Although there is no doubt regarding the relationship between glycemic control and the long-term development and progression of DR, initial worsening of DR has been reported as a consequence of rapid improvement of hyperglycemia. An early worsening was observed in 13.1% of 711 patients with type 1 diabetes assigned to intensive treatment in the Diabetes Control and Complications Trial (DCCT) at 6 and/or 12 months in comparison with 7.6% of 728 patients assigned to conventional treatment (odds ratio 2.06; P < 0 0.001) (10). The most important risk factors for early worsening were a higher HbA1c level at screening, a large reduction of HbA1c (<2%), and the severity of DR at baseline (1012). A similar phenomenon was reported in patients with type 2 diabetes after a rapid improvement of blood glucose levels when they were changed from oral agents or diet alone to insulin therapy (13,14) and, more recently, after bariatric surgery (15). As reported in patients with type 1 diabetes, the magnitude of the reduction of HbA1c and the presence of preexisting DR were the main factors involved in the risk of this transient or permanent progression of DR.

Interestingly, the initial worsening of DR observed in the early period of intensive glycemic control is manifested by the increase of soft exudates, a typical feature of the ischemic retina. Hypoglycemia exacerbates ischemic retinal injury (16), and, therefore, antidiabetes drugs such GLP-1RA with very low capacity if any to provoke hypoglycemia might theoretically be more appropriate for initiating intensive treatment in those patients with DR.

GLP-1R Activation and Retinal Neuroprotection

Although DR has been classically considered a microcirculatory disease of the retina, there is emerging evidence suggesting that retinal neurodegeneration is an early event in the pathogenesis of DR that could participate in the development of microvascular abnormalities (1,8,9,1719).

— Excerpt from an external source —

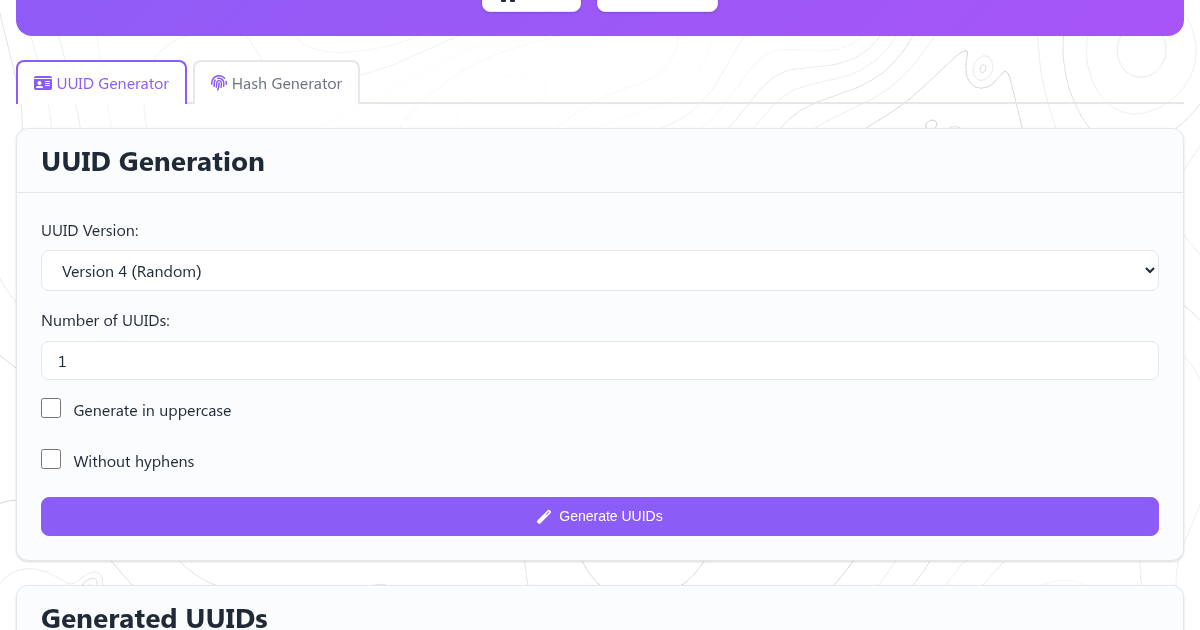 - Open the UUID/Hash Forge page

GLP-1 exerts neuroprotective effects in both the central and peripheral nervous system (20,21). In fact, there are ongoing pilot studies of GLP-1 analogs for preventing Alzheimer disease (20). Given that the retina is ontogenetically a brain-derived tissue, it is reasonable to expect that GLP-1 would also be useful in preventing or arresting retinal neurodegeneration in the setting of DR. Recently, we have found abundant expression of the GLP-1R in human retinas (22). Therefore, it could be hypothesized that GLP-1RAs could provide neuroprotection to the diabetic eye.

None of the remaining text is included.